Pour Lucas Van Molle, nouveau président de la Fédération des Étudiants Francophones (FEF), cette réforme aura pour conséquence d’exclure les élèves défavorisés de l’enseignement supérieur. En effet, en Belgique, plus d’un étudiant sur quatre doit travailler pour financer ses études. Le président de la FEF s’indigne « la réforme ne retirera pas les obstacles financiers et socio-culturels qui s’opposent à l’égalité des chances entre les étudiants.« 

Et pour ceux qui ne réussiraient pas ?

Le coût des études d’un étudiant est assumé en grande partie par un subside versé par la Communauté à l’établissement universitaire. C’est ce qui s’appelle être un « étudiant finançable ». Pour cela, il faut remplir des critères académiques et de nationalité.

Si un étudiant réussit 60 crédits et au moins 50 crédits du BAC 1 au terme de deux inscriptions, il pourrait tout de même rester finançable et s’inscrire une troisième fois dans la même filière, sous réserve de l’acceptation d’un jury. Ce jury pourra permettre à un étudiant qui aurait réussi moins de 30 crédits lors de sa première inscription, mais au moins 50 crédits au terme de sa deuxième inscription d’obtenir une 3e inscription dans la même filière.

Si ces deux assouplissements à la règle des 60 crédits en deux ans ne suffisent pas, la réorientation est la solution préconisée. L’étudiant bénéficiera alors d’une année supplémentaire pour sa finançabilité.

« Les aides à la réussite ont un rôle crucial à jouer pour soutenir les étudiants qui se retrouveraient en difficultés. C’est pourquoi les moyens financiers dédiés seront renforcés », déclare Valérie Glatigny.

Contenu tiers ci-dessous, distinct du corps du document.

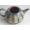 Service à thé en céramique émaillée attribué à Paul JACQUET (1882-1968), Annecy, Haute-Savoie 5 tasses et sous-tasses, une théière, un cremier et un pot à sucre quelques manques d'émail (notamment au décor jaune sur la théière), des éclats sous une sous-tasse, bouton du sucrier recollé, voir photos
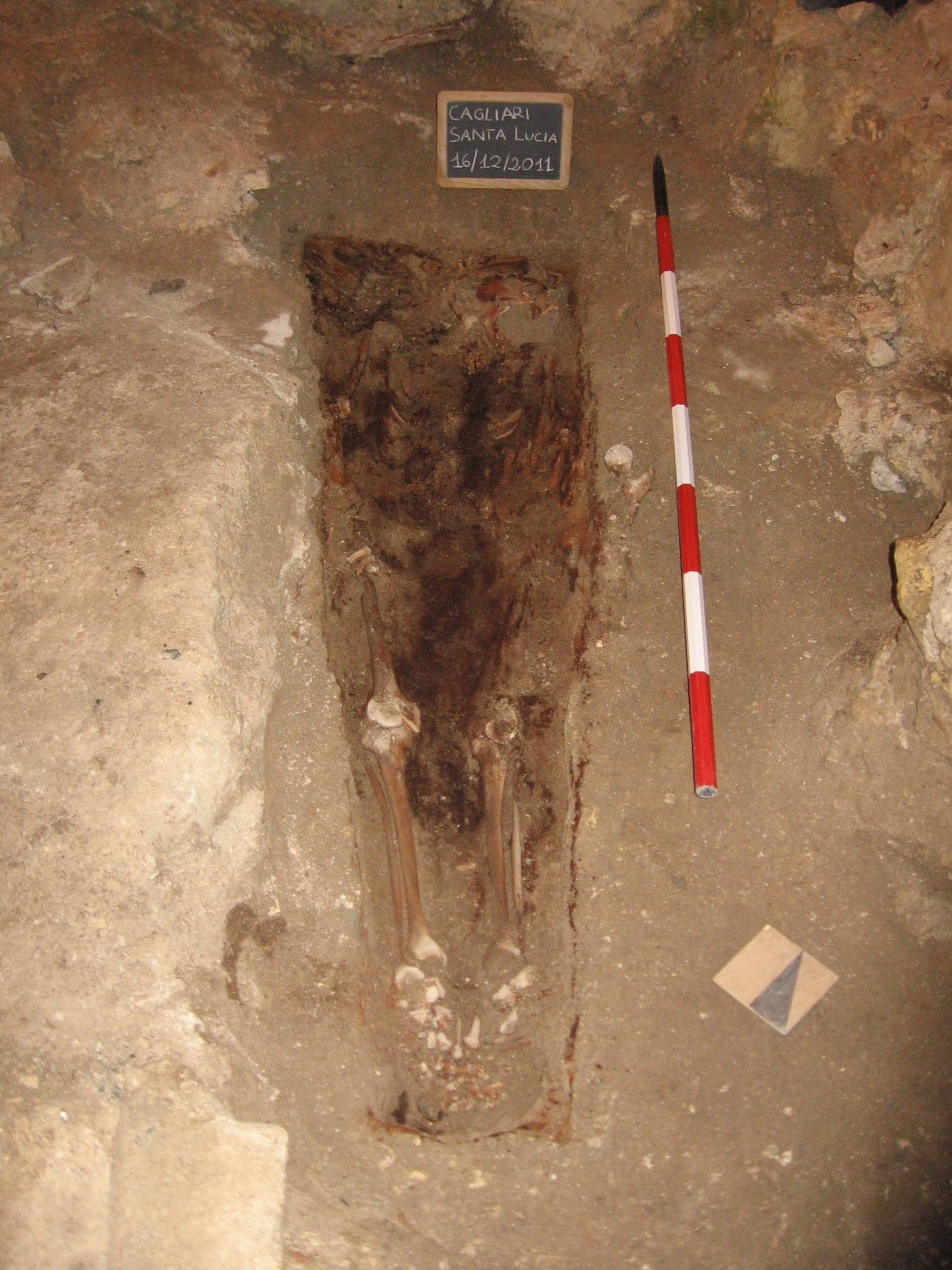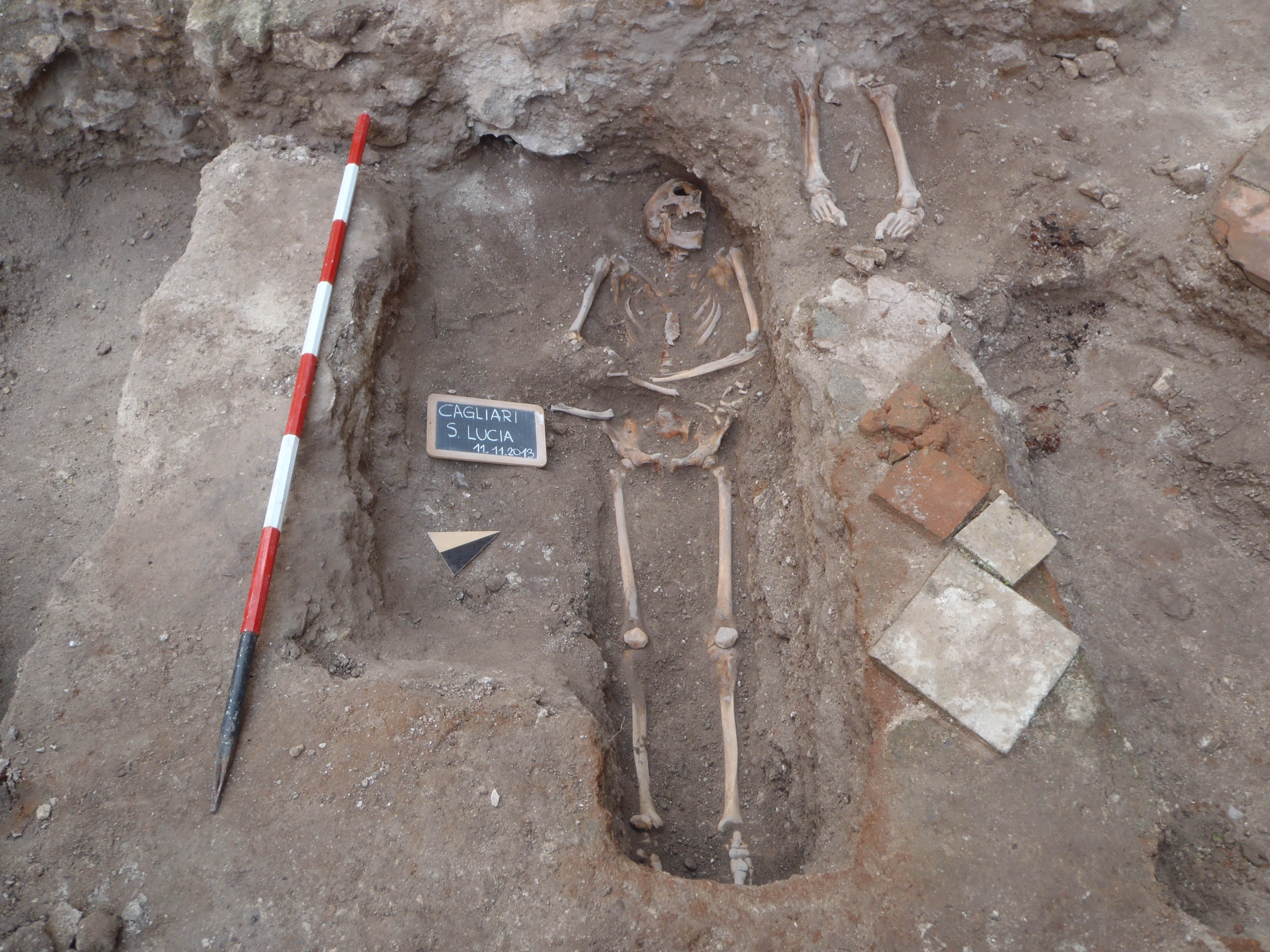 Riassunto: Il contributo ripercorre alcune delle vicende che hanno caratterizzato la preparazione del progetto di ricerca storica e archeologica sulla chiesa di S. Lucia nel quartiere della Marina a Cagliari, avviato nel 2011 e proseguito sino al 2014. L’area d’interesse è racchiusa entro una moderna cancellata, che ricalca grosso modo il perimetro dell’ultimo impianto della chiesa, di cui si conserva in elevato la porzione nord-orientale. I dati scaturiti dalle indagini consentono di ricostruire le vicende storiche e architettoniche della chiesa. Lo scavo ha finora restituito alcune sepolture pressoché intatte di età postmedievale, con corredo funerario povero e disarticolato (oggetti in metallo in uso sia nella cassa lignea, sia come accessori del vestiario del defunto o in accompagnamento); brevi tratti delle pavimentazioni e dei rivestimenti messi in opera nel XVII e XVIII secolo (azulejos e mattonelle maiolicate e in cotto, lastre di ardesia). La scelta di un cantiere aperto, trasparente e in continuo dialogo con tutti, mediante la diffusione di notizie ed eventi, è legata al sito web. Infine, si propongono alcune considerazioni sul ruolo della chiesa rispetto alla città e qualche ipotesi in merito all’identificazione con l’antica chiesa omonima citata dai documenti dall'inizio del XII secolo.

89 millions d’euros au total – un montant augmenté de 6 millions d’euros – seront versés chaque année pour permettre la mise en place de dispositifs d’aide à la réussite. Le cabinet Glatigny insiste ; cette aide sera dirigée vers les étudiants dans le besoin. Lucas Van Molle (FEF) affirme que « ces aides ne trouvent pas leur cible, il faut repenser l’organisation ».

Le noeud du problème

Cette année, le nombre de nouveaux élèves inscrits a battu des records. C’est une bonne et mauvaise nouvelle pour l’enseignement supérieur. Ce retour à l’enseignement en présentiel était très attendu par l’ensemble de la communauté universitaire. Mais cette hausse des inscriptions promet d’être « un défi incroyable compte tenu du sous-financement chronique des universités » indique Annemie Schaus, rectrice de l’ULB, pour le journal l’Echo.

La crise du Covid-19 a accéléré la prise de conscience globale des difficultés rencontrées par les étudiants. Mais Lucas Van Molle est catégorique « Tant qu’on ne luttera pas profondément contre la précarité étudiante, on n’avancera pas ». Pour cela, la fédération demande la diminution du coût direct des études pour les étudiants en difficultés (coût du minerval, gratuité du matériel, etc.)

Mme Schaus souligne elle aussi, dans une interview pour la RTBF, le manque d’aide des pouvoirs publics. Elle espère « qu’il y aura moyen de trouver des moyens supplémentaires pour les universités ».

La réforme entrera en vigueur pour la rentrée de septembre 2022, et concerna seulement les nouveaux inscrits. Rien ne changera pour les élèves en cours de cycle.